For those visiting contemporary Greece, it may become apparent that the height of a civilization is no guarantee in and of itself for how long that civilization lasts.
For some time now, more precisely since the collapse of the Soviet Union, we have been dealing with increased anxiety regarding the course of our society. For now, clustering economies and trading blocs seem to emerge as part of a first stage in the opposition to a "uni-polar" world. Military re-arrangements on the geo-strategic map do not seem to be too far off either. The public can now see in the EU arms-trading overtures to China what has probably been in the minds of military chiefs of staffs for some time.
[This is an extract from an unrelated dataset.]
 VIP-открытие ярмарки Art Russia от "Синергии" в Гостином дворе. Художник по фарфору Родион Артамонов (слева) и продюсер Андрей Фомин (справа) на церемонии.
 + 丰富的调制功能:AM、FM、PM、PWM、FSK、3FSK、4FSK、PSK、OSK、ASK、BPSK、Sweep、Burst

Contrary to all this, it seems, runs globalization with its powerful advocates and mighty interests. It is commonplace observation to notice how the tide of globalization raises most nation-boats. The temptation is to say that there is too much interest in globalization and free trade for anybody to run contrary to it. Moreover, there is too much to be lost by all players would the current global system collapse or come under threat.
So, in such a world run by so many accumulating contradictions, where is one to find the equivalent to a visit to Greece? In Sinking Globalization, an article published with Foreign Affairs, March/April 2005, Niall Ferguson gives the reader a comparative reading of the history. This may help one realize that there were times in the past when players, well-informed of the cost of war/collapsing global systems, could not avoid the unimaginable losses of letting the hell break loose. So, history tells us, through the voice of Niall Ferguson, that bad things can happen despite our having either a huge vested interest in status qvo OR the potential for huge losses.
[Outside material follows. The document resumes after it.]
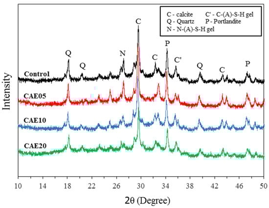 Figure 10 illustrates the XRD patterns of the H-AAMs after 28 days of curing. The broad hump in the region of 26–38° 2θ was found in all samples and shows the amorphous phase of the material. The phases consist mainly of calcite, Portlandite, C-S-H, and N-(A)-S-H [9,12,14,62,63]. The control paste showed the peaks of C-S-H and N-(A)-S-H gels more clearly than the others with the CAE mixed in, indicating that the CAE retarded the alkali-activated reactions of the mixtures. Consequently, reductions in mechanical strength ensued. This result is similar to that obtained for the cement-AE system in previous research [42].

Here is Foreign Affairs' summary of Niall Ferguson's article:
"Could globalization collapse? It may seem unlikely today. Yet despite many warnings, people were shocked the last time globalization crumbled, with the onslaught of World War I. Like today, that period was marked by imperial overstretch, great-power rivalry, unstable alliances, rogue regimes, and terrorist organizations. And the world is no better prepared for calamity now."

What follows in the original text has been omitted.